*** DATA Section Begins ***
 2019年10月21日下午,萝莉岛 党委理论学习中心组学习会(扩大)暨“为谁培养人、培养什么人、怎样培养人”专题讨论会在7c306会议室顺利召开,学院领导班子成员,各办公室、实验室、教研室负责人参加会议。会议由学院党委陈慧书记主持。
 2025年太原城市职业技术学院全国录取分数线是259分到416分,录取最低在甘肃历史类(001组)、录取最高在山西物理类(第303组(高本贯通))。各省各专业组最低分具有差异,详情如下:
*** DATA Section Ends ***
*** DATA Section Begins ***
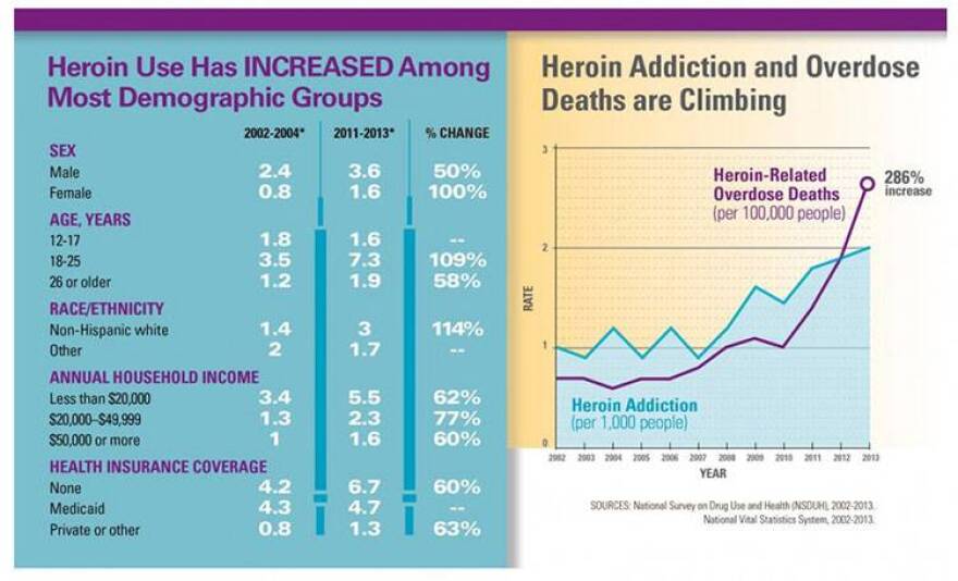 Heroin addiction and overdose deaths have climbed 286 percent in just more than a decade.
*** DATA Section Ends ***
■ **EXERCISE REQUIREMENTS**
Go to the line with "2019年10月21日下午,萝莉岛 党委" in the entries above and repeat every line from there through the line with "2025年太原城市职业技术学", exactly and with no other text.

■ **RESPONSE TO THIS TASK**
 2019年10月21日下午,萝莉岛 党委理论学习中心组学习会(扩大)暨“为谁培养人、培养什么人、怎样培养人”专题讨论会在7c306会议室顺利召开,学院领导班子成员,各办公室、实验室、教研室负责人参加会议。会议由学院党委陈慧书记主持。
 2025年太原城市职业技术学院全国录取分数线是259分到416分,录取最低在甘肃历史类(001组)、录取最高在山西物理类(第303组(高本贯通))。各省各专业组最低分具有差异,详情如下:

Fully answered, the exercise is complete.